◆ What you will do: Transcribe only the part of the material below that begins at the line containing "最小限の負担でサービスメニュ" and ends at the line containing "PENDIENTES LARGOS CIRCULOS", with both kept and images left out.

◆ Data listing:
········
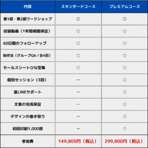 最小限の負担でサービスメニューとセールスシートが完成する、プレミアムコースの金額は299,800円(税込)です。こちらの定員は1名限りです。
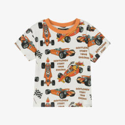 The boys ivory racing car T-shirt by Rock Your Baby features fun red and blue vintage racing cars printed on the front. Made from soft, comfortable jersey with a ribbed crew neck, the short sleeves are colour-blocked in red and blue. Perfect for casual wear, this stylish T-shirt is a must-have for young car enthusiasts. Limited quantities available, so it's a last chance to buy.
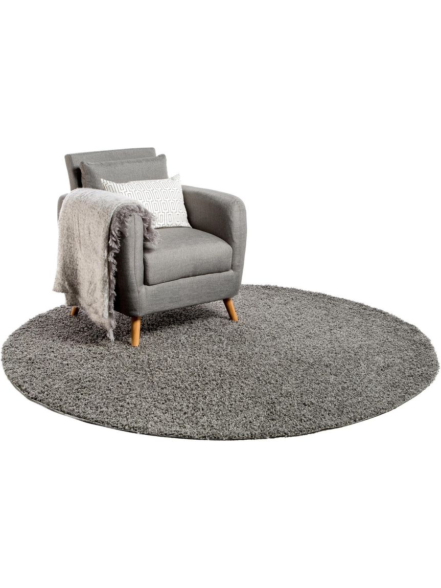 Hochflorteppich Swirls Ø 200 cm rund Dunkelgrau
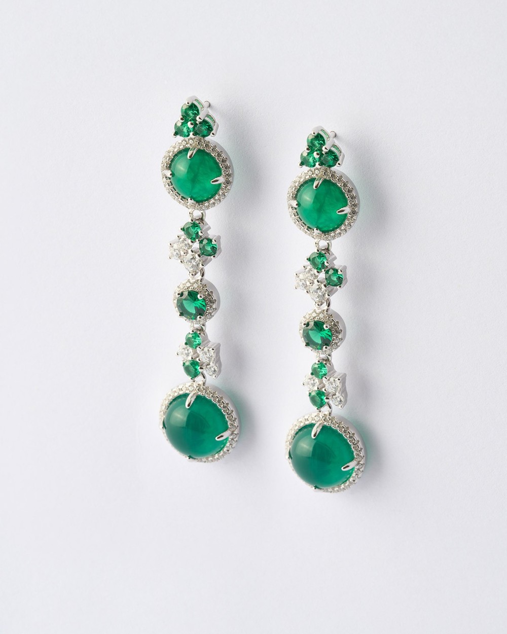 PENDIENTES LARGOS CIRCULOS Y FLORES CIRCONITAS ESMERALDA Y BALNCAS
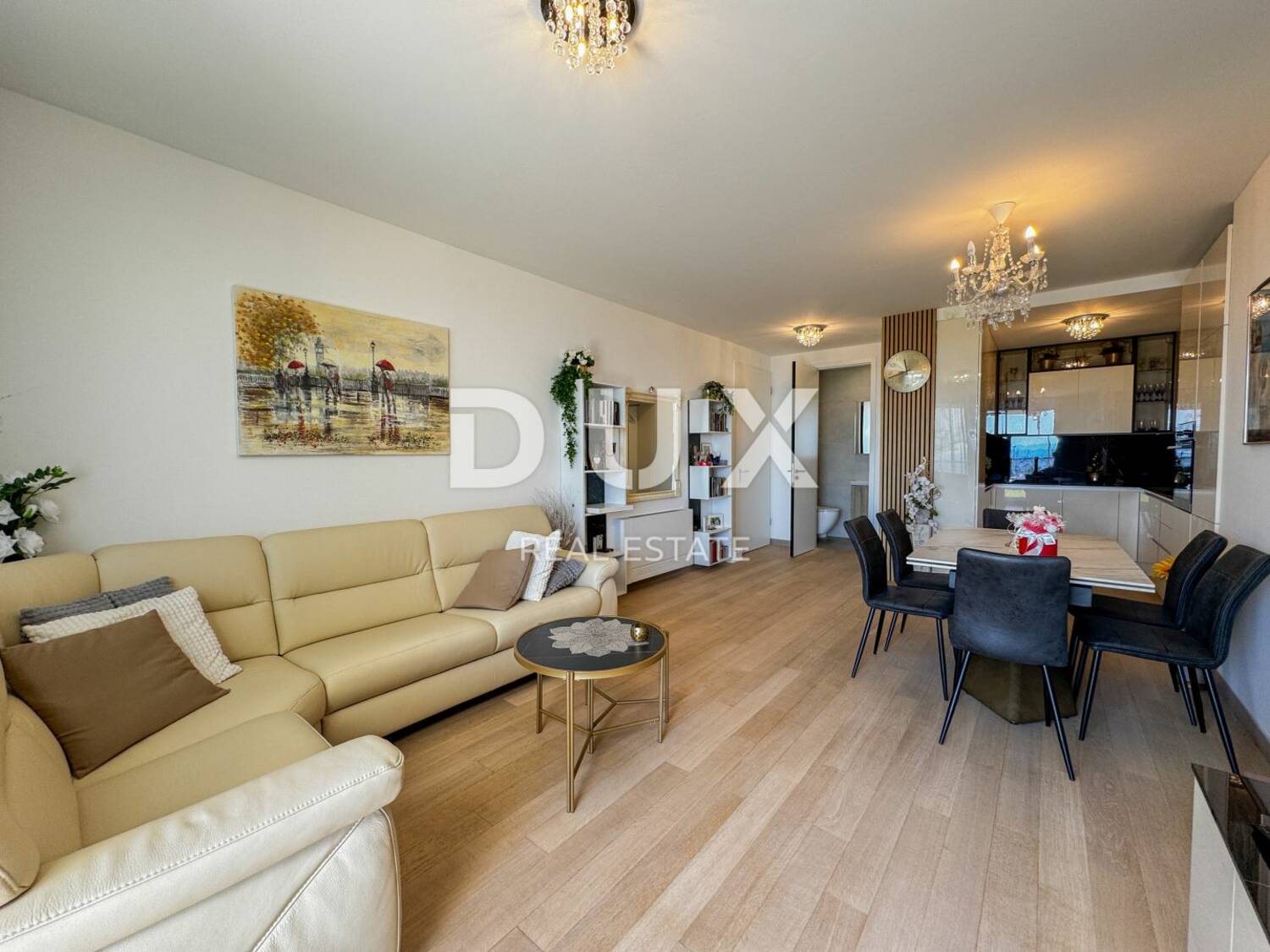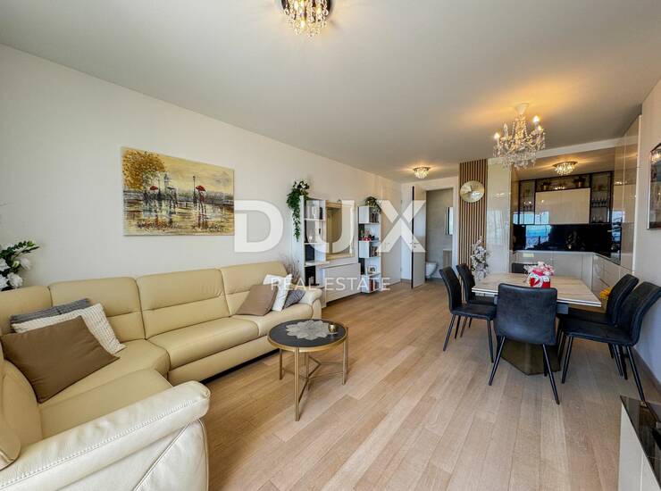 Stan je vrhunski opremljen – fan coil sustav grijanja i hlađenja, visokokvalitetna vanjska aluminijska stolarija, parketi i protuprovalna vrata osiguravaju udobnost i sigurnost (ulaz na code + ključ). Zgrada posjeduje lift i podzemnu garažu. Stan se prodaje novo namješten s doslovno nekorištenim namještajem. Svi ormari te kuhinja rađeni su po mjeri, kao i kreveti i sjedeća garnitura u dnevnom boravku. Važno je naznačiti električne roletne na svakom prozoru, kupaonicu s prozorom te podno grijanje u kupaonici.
········
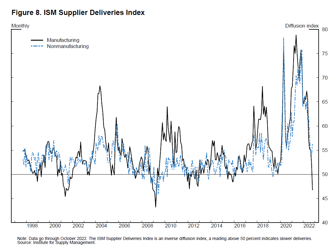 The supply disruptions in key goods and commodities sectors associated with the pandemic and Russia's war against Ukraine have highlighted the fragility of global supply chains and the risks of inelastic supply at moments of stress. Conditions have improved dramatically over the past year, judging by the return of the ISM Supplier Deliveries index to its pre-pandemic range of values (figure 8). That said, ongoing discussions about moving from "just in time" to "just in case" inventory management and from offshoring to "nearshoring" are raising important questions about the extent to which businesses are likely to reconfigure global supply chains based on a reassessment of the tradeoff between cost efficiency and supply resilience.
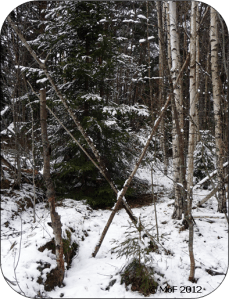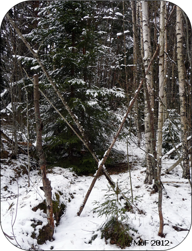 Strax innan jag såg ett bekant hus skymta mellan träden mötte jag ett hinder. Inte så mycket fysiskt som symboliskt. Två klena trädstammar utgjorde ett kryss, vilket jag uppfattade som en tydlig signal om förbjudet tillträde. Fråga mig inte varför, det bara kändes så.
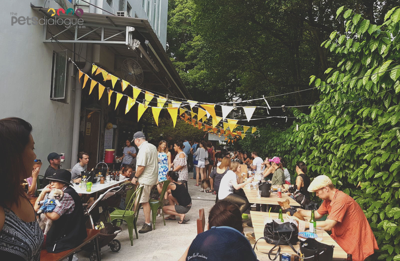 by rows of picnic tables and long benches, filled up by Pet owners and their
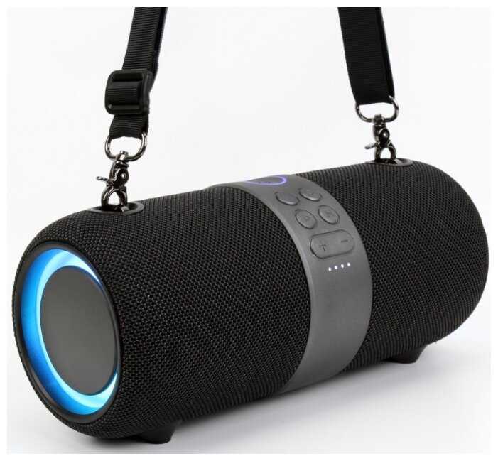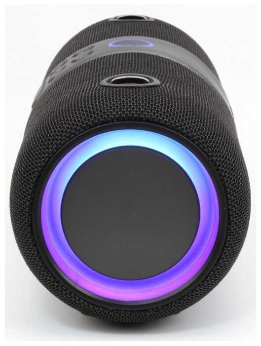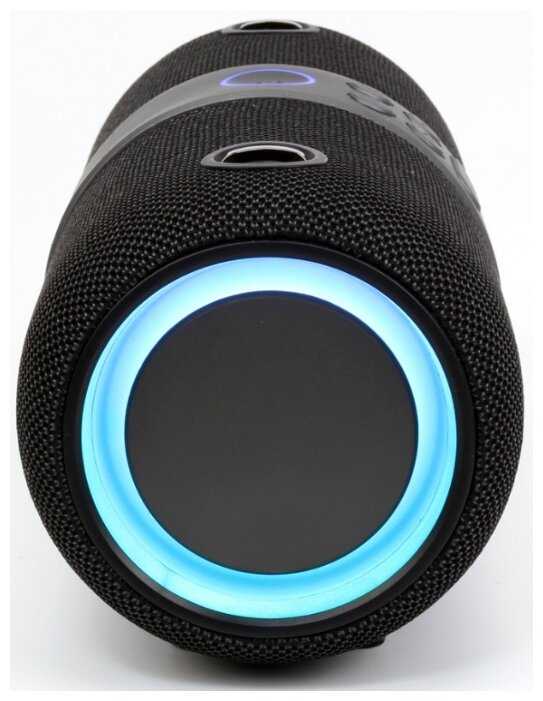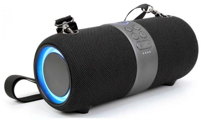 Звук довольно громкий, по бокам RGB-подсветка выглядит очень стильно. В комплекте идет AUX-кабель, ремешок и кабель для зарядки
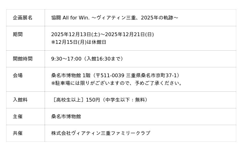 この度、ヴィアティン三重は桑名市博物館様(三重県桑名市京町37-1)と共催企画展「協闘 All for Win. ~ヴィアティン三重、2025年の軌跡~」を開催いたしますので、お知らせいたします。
········
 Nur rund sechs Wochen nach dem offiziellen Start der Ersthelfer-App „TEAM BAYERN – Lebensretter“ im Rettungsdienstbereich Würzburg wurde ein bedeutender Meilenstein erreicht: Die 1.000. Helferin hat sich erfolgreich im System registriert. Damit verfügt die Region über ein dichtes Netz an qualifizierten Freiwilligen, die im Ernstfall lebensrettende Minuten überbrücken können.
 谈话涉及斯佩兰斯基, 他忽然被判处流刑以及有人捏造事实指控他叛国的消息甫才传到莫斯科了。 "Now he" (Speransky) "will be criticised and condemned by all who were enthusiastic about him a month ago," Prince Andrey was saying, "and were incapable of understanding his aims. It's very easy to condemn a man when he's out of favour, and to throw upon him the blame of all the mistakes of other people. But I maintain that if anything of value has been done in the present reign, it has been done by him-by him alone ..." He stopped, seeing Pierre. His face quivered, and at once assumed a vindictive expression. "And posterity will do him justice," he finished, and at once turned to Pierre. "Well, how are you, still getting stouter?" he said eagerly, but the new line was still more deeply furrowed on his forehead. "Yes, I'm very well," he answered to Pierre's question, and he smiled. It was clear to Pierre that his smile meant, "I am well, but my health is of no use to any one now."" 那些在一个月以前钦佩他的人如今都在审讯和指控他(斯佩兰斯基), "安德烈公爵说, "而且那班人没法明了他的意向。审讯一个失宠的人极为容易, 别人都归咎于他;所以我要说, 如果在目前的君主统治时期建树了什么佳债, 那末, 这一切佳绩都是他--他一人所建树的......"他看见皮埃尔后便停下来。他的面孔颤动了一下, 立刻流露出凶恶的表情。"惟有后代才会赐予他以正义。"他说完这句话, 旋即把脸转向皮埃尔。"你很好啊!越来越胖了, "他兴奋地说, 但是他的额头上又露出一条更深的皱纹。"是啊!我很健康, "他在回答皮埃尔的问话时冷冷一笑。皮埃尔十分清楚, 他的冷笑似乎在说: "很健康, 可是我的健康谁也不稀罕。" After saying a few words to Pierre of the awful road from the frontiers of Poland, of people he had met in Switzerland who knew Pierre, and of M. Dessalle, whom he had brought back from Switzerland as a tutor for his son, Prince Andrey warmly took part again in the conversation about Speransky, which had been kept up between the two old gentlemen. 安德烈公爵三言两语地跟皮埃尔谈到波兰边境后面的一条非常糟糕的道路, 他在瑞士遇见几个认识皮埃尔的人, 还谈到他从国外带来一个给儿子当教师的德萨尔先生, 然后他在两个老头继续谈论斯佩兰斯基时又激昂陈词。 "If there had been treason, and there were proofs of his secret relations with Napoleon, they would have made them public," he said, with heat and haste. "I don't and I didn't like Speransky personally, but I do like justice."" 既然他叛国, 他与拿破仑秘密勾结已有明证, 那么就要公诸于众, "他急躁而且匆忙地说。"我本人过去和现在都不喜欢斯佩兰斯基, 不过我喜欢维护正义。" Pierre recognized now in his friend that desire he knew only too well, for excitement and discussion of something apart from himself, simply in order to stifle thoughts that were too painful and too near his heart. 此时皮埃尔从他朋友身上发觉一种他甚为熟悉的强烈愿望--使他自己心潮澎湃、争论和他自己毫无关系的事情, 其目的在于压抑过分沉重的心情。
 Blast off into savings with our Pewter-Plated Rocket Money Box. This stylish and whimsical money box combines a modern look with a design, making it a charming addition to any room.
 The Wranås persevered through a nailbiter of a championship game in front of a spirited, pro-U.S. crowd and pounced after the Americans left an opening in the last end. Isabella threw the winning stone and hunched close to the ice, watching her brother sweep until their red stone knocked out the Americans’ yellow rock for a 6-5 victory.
········
◆ Output for this exercise:
 最小限の負担でサービスメニューとセールスシートが完成する、プレミアムコースの金額は299,800円(税込)です。こちらの定員は1名限りです。
 The boys ivory racing car T-shirt by Rock Your Baby features fun red and blue vintage racing cars printed on the front. Made from soft, comfortable jersey with a ribbed crew neck, the short sleeves are colour-blocked in red and blue. Perfect for casual wear, this stylish T-shirt is a must-have for young car enthusiasts. Limited quantities available, so it's a last chance to buy.
 Hochflorteppich Swirls Ø 200 cm rund Dunkelgrau
 PENDIENTES LARGOS CIRCULOS Y FLORES CIRCONITAS ESMERALDA Y BALNCAS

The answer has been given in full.